Henry Pittock was an avid traveler, visiting regional destinations like San Francisco and more exotic ones like Hawaii and Mexico. In 1910, Henry traveled to Europe, stopping in Switzerland, Germany, the Netherlands, Belgium, and England. Throughout his trip, Henry wrote his wife, Georgiana, vivid letters about his travels. This one from August 24, 1910, describes his visit to Switzerland:
Regina Hotel Jungfraublick
August 24, 1910
When I closed my letter at Lucerne John was hurrying me to a Sunday excursion on the Lake. We went on board one of the many pretty and swift excursion boats at 9 o’clock and were soon under way. The peaks rise up on every side of the lake, some sharp and high, and some partially covered with snow. On Rigi we could see a hotel and there is a railway to it, but for want of time we shall not go to it. Everywhere where the hills are not too steep there are cottages and hotels. The lower hills are wooded—mostly fir—while the mountains are rocky and bare. Almost two thirds the way we stopped for lunch, and then took carriage to see the roadway cut under arching rock and through tunnels.

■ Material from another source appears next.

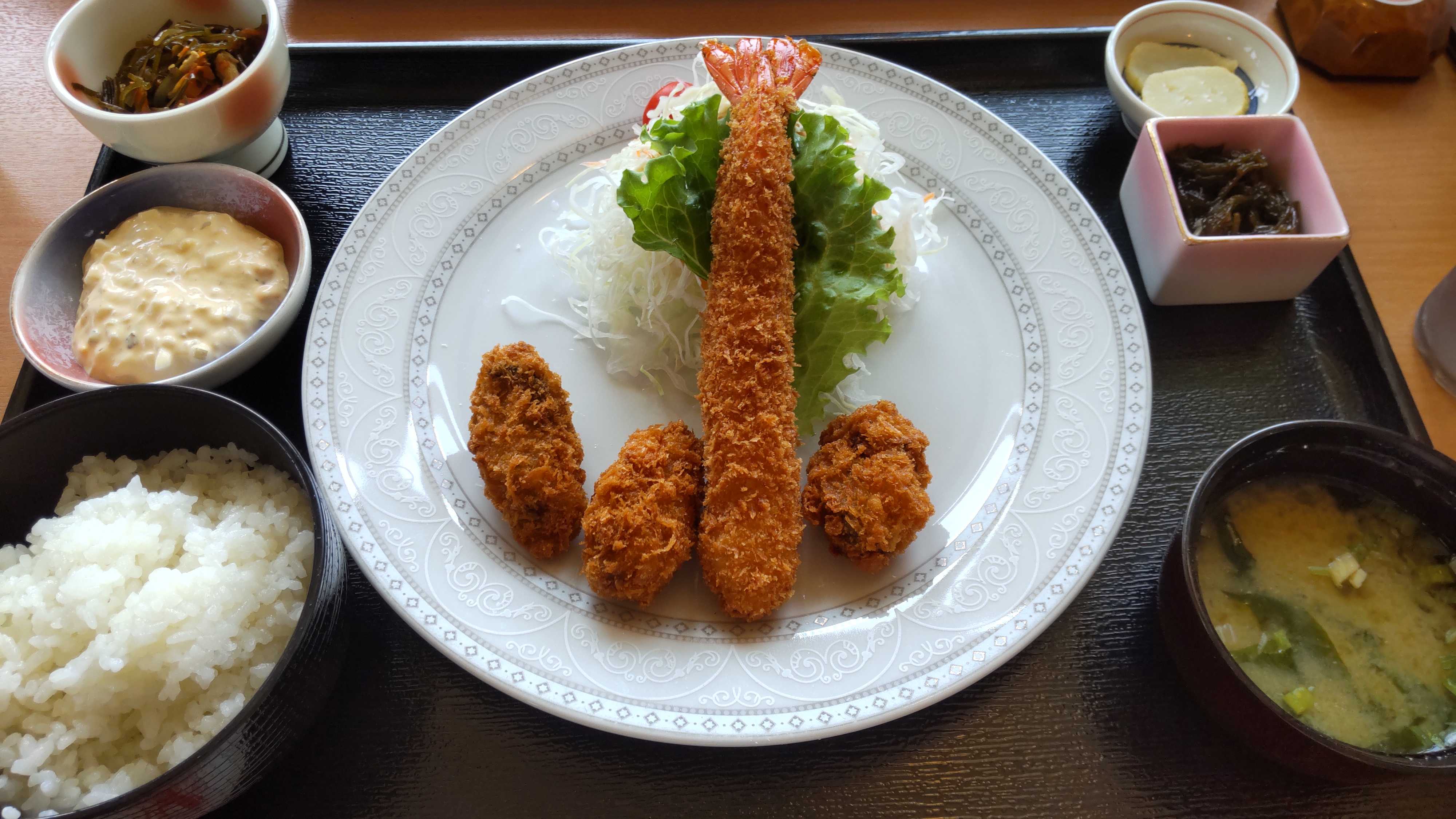 お昼はエビフライとカキフライのミックスフライ定食にしました🍤

On the way passed William Tell’s Chapel and the scene of the well-known apple story and his troubles with Gessler. At Fluelen—the end of the Lake (28 miles) we again took the boat for the return trip. Immediately on our return we went to see the Lion of Lucerne. This is the life size figure of a lion carved in the face of a cliff in the center of the city to commemorate the overthrow of the Swiss Republic by Napoleon and represents a lion wounded to death defending the coat of arms—a shield bearing a square cross. It is a fine piece of carving. Below is a clear pond stocked with gold and other fish and a small park surrounds it. I forgot to mention that in coming down the lake we passed a natural stone column rising from the water eighty feet on which was a long inscription by Schiller to the memory of William Tell in gilt. The boat went by so fast I did not have time to read it.

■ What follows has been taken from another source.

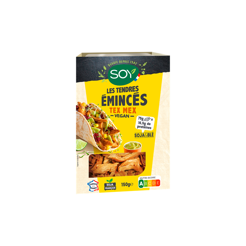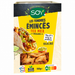 Eau, farine de soja*(1) déshuilé* 27%, gluten de blé* 7,9%, épices*, concentré de tomates* 1,7%, huile de tournesol* désodorisée, sel de mer, ail*, poudre de betterave*.(*) Ingrédients issus de l'Agriculture Biologique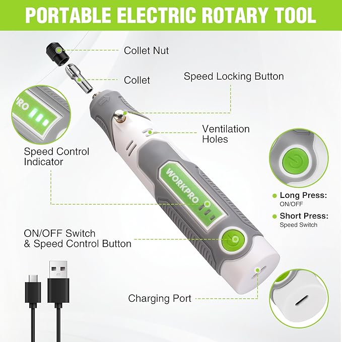 - Please LONG PRESS the button to turn ON/OFF. This electric rotary tool is a high-speed, low-torque tool, and it's Recommended for light duty applications on soft materials

Sunday night it stormed hard, and our trip to the glacier which is the source of the Rhone was not a pleasant one on Monday. Showers fell every little while, and the mountains were hidden by the clouds. Our route was by train almost to the mouth of St Gotthard tunnel, which you know penetrates the Alps to Italy. We left it at Goeschan [sic Goschenen], but in that distance had made two loops entirely under ground in the solid rock. From Goschan [sic Goschenen] we took a carriage and at night stopped at one of the many wayside hotels called F___(?). Notwithstanding the showers and clouds it was surprising to see how many sight-seers were plodding along on foot—men, women and children—some in raincoats, some with umbrellas, and many without either, but all seemed to enjoy it. Early on Tuesday morning we came to the glacier—close to the road it is a fine one, but insignificant when compared with Muir. It was the first one John had ever seen, so we spent some time there. He went over it about a mile, while I picked edelweiss and flowers near the edge. In my light shoes I could not continue far on the ice. The clouds now cleared away and we had a pleasant drive down the glacial stream and over the next mountain.

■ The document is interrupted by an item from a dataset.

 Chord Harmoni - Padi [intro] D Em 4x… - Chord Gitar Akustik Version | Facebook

We lunched at Handeck Falls, where the river Aare makes a tremendous plunge into a narrow and deep gorge and seemed to disappear. Following down the rather pretty valley our driver stopped before a curiosity shop in a garden, on the door of which was a poster “Entree 1 fr.” We asked an explanation, and was [sic] told half in English and French, that our driver wanted us to go through a gorge while he drove over the mountain. Well, it was worth the frank [sic] for we walked for a mile through a fissure in the mountain sometimes twenty feet wide and sometimes less than half that, and except in some short tunnels we did not put our feet on ground. A board walk about three feet wide was built the whole and bolted into the stone walls and under this the river swept in a torrent. The walls must be 2000 feet high. At the sortie was a shop containing some of the finest wood carving I have ever seen. Two companion pieces—mountaineers—took my fancy and should have purchased if my purse was not so light. They were 500 francs.
Our carriage having come we were soon at M___(?) where at 7pm. we took a train for Interlaken. The train however did not take us far but transferred us to a boat on Brienz Lake. It was now dark, but we were told this lake was connected with Thun Lake by the river Aare, and at the end of this lake was the town of Interlaken (10 miles) where we stopped for the night at the Hotel Regina. This morning we took the train for Jungfrau and though the distance is not great (we could see the mountain from the hotel) it took us a long time to reach it, the cog wheel engines being so slow. We had been told we could go to the summit by train and elevator, but found the work not finished. The train took us up almost 11000 feet to Eismeer Station. A great distance is in a tunnel cut in solid rock, and at different places lateral tunnels are cut so that you can look out. At the last station a large room is cut out for an eating house. All is lighted by electricity. I have mailed you a printed description, so shall not say more now. To-morrow we go back to Lucerne, and at once take train for Cologne. Our aim is to go by Rotterdam and Amsterdam and take steamer for London to reach there by Sept 1st. It may be that John will be obligated to go to Brussels again but hopes not. I have requested Mr. Geernicks to forward my mail to Amsterdam, and hope to get papers covering dates giving particulars of Mr. Scotts [sic] death. I received at Lucerne all the dates to Aug 5.